**WHAT YOU SHOULD DO:**
When you reach the line containing "наушники - пластик;" in the entries below, start writing out each line exactly, and stop after the line containing "人们集会,挥舞岛旗和醒目的标语,要求美国撤离格陵兰岛。".

**THE INPUT:**
______

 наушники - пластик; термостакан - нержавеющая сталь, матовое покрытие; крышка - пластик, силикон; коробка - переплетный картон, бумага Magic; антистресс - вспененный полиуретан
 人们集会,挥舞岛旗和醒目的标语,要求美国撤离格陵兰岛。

______

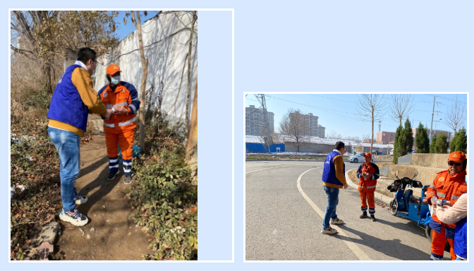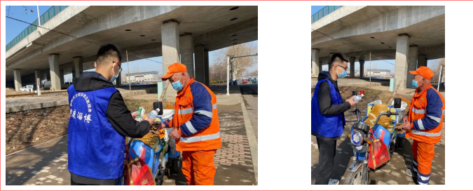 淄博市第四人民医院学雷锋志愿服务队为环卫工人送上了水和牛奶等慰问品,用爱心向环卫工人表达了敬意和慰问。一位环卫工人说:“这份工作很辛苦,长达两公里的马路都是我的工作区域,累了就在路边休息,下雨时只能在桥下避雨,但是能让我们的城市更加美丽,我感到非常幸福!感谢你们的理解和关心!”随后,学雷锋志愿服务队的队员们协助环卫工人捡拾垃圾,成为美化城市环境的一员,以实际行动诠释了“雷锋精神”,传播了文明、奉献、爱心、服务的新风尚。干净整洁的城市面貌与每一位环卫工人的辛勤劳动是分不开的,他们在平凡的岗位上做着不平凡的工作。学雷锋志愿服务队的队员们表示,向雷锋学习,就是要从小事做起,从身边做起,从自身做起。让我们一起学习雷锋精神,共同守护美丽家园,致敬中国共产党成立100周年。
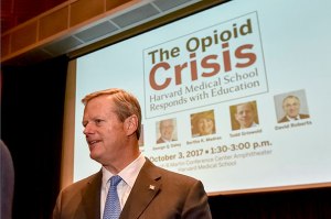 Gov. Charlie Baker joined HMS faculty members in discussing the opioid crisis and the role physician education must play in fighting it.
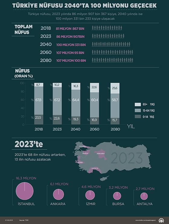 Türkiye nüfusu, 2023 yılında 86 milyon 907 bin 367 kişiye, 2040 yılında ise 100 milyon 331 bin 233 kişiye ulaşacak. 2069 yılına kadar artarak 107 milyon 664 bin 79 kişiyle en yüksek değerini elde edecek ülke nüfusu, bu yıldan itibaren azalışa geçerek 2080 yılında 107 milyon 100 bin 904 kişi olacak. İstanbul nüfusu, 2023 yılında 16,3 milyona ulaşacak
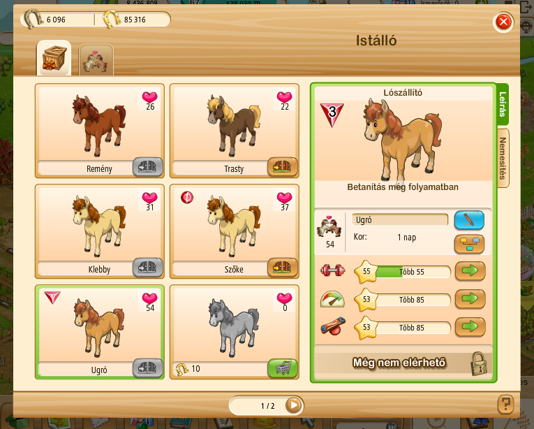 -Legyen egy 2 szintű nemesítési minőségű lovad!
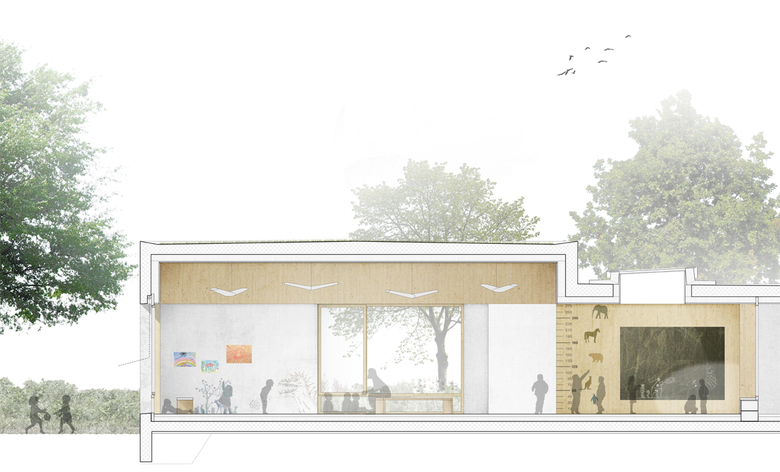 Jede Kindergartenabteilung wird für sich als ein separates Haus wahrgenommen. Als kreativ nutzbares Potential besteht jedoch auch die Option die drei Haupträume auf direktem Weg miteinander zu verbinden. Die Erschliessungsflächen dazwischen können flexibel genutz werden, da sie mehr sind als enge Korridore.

______

**ANSWER SECTION:**
 наушники - пластик; термостакан - нержавеющая сталь, матовое покрытие; крышка - пластик, силикон; коробка - переплетный картон, бумага Magic; антистресс - вспененный полиуретан
 人们集会,挥舞岛旗和醒目的标语,要求美国撤离格陵兰岛。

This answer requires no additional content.